Try it | Produce a word-for-word copy of the listing below without its pictures.
[[ Dataset extract open ]]
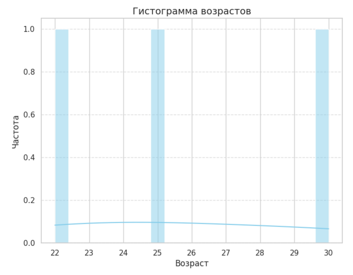 'Возраст': [25, 30, 22],
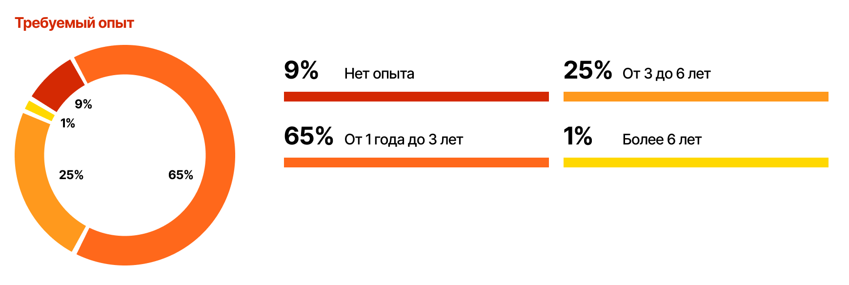 Работодатели довольно гибко относятся к образованию: высшее требуется лишь в 21% вакансий. Главный критерий — опыт работы. Наиболее востребованы специалисты с опытом от одного года до трех лет: на них приходится 65% всех предложений.
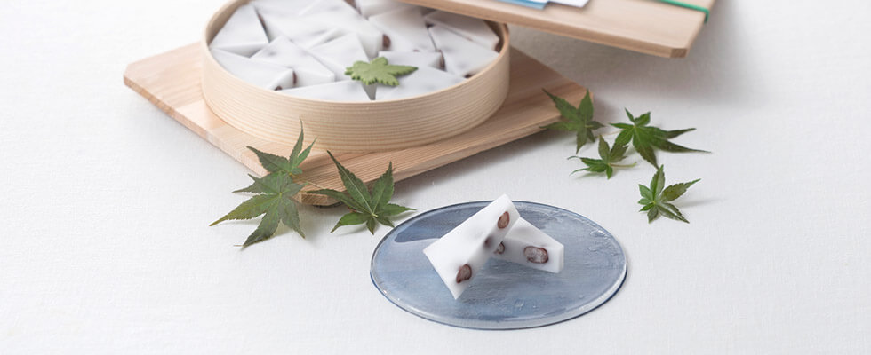 宮中の貴族たちの間には夏越の祓の際に氷を食べて暑気を払う習慣がありました。しかし当時の氷は大変貴重で、庶民には手が届きません。そこで氷に似せた和菓子として誕生したのが水無月であり、御所氷室です。
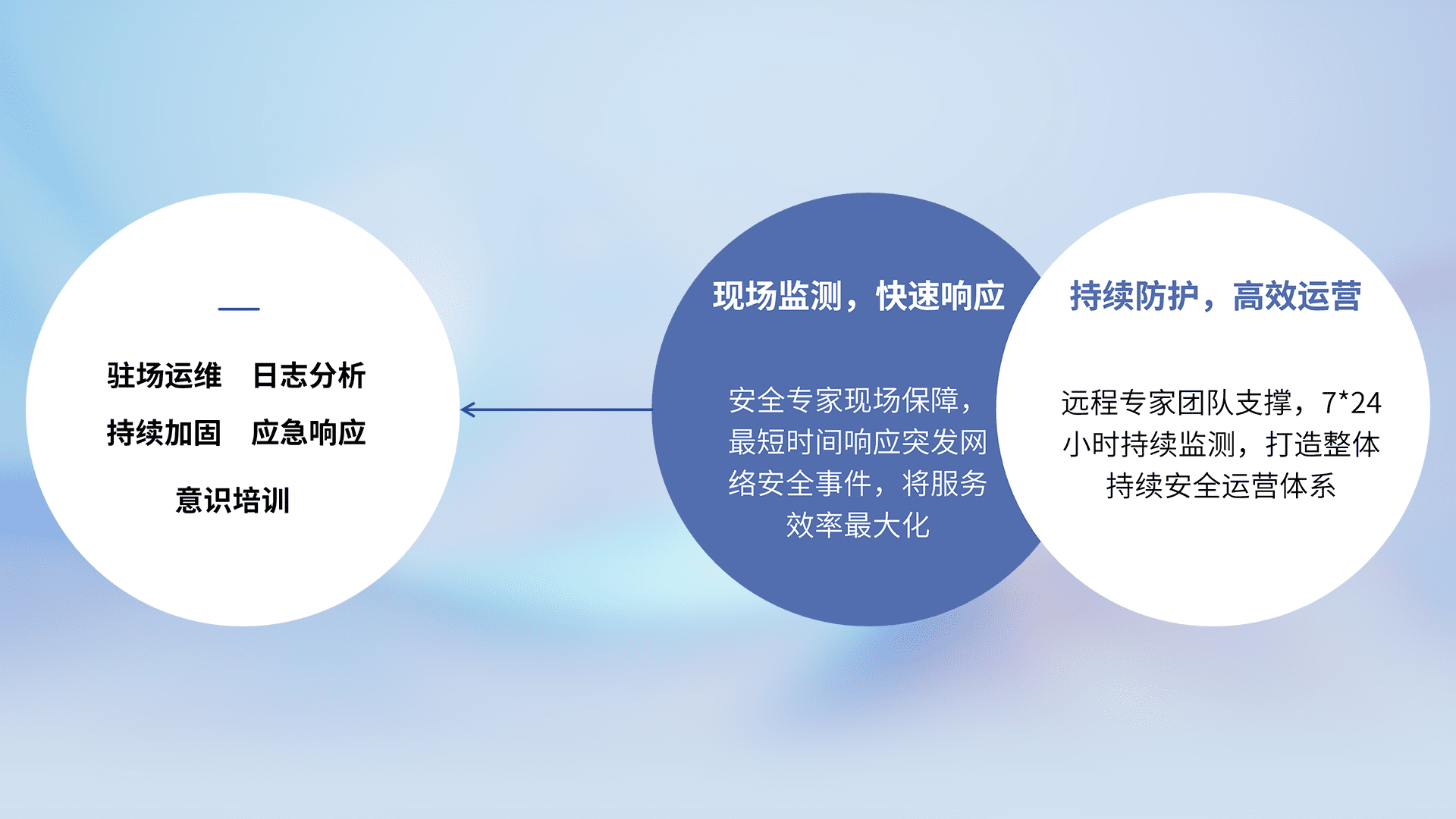 针对客户行业特性,,,提供专属的一站式安全管理服务,,帮助客户全面感知网络空间威胁,,通过安全专家的线上、、线下防护支持,,,,实现风险闭环,,将安全保障常态化,,,为客户打造常态化安全运维运营服务。。。
[[ Dataset extract closed ]]
Output of the exercise |
 'Возраст': [25, 30, 22],
 Работодатели довольно гибко относятся к образованию: высшее требуется лишь в 21% вакансий. Главный критерий — опыт работы. Наиболее востребованы специалисты с опытом от одного года до трех лет: на них приходится 65% всех предложений.
 宮中の貴族たちの間には夏越の祓の際に氷を食べて暑気を払う習慣がありました。しかし当時の氷は大変貴重で、庶民には手が届きません。そこで氷に似せた和菓子として誕生したのが水無月であり、御所氷室です。
 针对客户行业特性,,,提供专属的一站式安全管理服务,,帮助客户全面感知网络空间威胁,,通过安全专家的线上、、线下防护支持,,,,实现风险闭环,,将安全保障常态化,,,为客户打造常态化安全运维运营服务。。。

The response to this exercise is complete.